TOPICS 

    Subscribe to our newsletter

     By signing up, you agree to our Terms Of Use.

    FOLLOW US

    • About Us
    • |
    • Contribute
    • |
    • Contact Us
    • |
    • Sitemap
    封面
    SIXTH TONE ×

    At This Niche Clinic, No Stares, Smirks, or Stigma

    How China’s first gender dysphoria clinic is slowly but surely transforming the transgender community's access to healthcare.
    Oct 05, 2021#gender

    A niche clinic

    At 8 a.m every Wednesday, Dr. Pan Bolin of the Department of Transformative Surgery at Peking University Third Hospital opens the doors to his Gender Dysphoria Clinic. He gets to his desk early, atop which a hormone treatment flowchart and a variety of transgender literature greet him.

    Apart from just counseling patients, he also needs to educate the parents who accompany them about transgender issues. It means his morning clinic schedule is often delayed until noon or even later.
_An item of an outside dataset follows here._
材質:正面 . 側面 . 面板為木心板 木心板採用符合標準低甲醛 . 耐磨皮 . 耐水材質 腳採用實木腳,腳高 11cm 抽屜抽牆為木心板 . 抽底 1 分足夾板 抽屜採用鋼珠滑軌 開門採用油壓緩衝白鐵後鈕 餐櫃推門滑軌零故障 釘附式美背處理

    On a July afternoon in 2020, Liu Meng and her mother waited at the entrance of the clinic. She recalls that most patients were with their parents, nearly all with gloomy faces, gripping their cell phones in silence.

    Liu, however, did see one couple cheerfully accompanying their child into the clinic. She found it an incredible sight, and recalls thinking to herself, “What a lucky kid.”
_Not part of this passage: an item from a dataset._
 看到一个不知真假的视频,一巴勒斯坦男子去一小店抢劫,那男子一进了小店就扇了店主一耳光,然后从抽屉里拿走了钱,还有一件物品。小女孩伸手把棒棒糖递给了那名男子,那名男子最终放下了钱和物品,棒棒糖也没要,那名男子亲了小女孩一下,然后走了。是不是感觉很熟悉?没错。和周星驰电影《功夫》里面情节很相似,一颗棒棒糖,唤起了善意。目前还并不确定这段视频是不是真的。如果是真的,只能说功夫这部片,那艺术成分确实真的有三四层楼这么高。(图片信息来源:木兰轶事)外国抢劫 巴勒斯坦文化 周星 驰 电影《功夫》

    A trans woman, Liu is currently a freshman at a university in Beijing. Last summer, Liu, then an 18-year-old, visited this clinic for the first time. At that time, Dr. Pan spoke with Liu’s mother about what it meant to be transgender, the most important takeaway being that it is no longer considered a medical condition.

    The most direct manifestation of Dr. Pan’s efforts to depathologize transgender people is to call them “visitors” — it avoids offending or unnecessarily discriminating against the community.
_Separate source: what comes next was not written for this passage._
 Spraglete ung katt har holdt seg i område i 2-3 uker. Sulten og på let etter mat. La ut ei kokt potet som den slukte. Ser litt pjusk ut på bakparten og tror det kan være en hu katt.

    In May 2019, the World Health Organization (WHO) removed gender dysphoria, or gender identity disorder, from the International Classification of Diseases. In China, however, being transgender is still classified as a mental illness, and transgender people require a “certificate of mental illness for gender dysphoria” before using hormones or getting sex reassignment surgery.

    Liu received her mandatory gender dysphoria certificate from a psychiatric hospital the day before she saw Dr. Pan.

    While researching Dr. Pan online, Liu had only gathered that he was “mild” and “friendly.” When she first met him, he rarely smiled but his voice was soft, and he spoke slowly. Liu also noticed that her mother listened to Dr. Pan attentively. “He said the same thing, but for me to say this might not be a disease, and for Dr. Pan to say it — it isn’t quite the same,” says Liu.

    Dr. Pan told Liu and her mother that treatment would involve three steps, starting with psychological adjunctive therapy — allowing Liu to better understand herself and her body. If this allowed her to accept herself, she wouldn’t need further help. If not, the next step would be hormone therapy under medical supervision. The third step was surgery.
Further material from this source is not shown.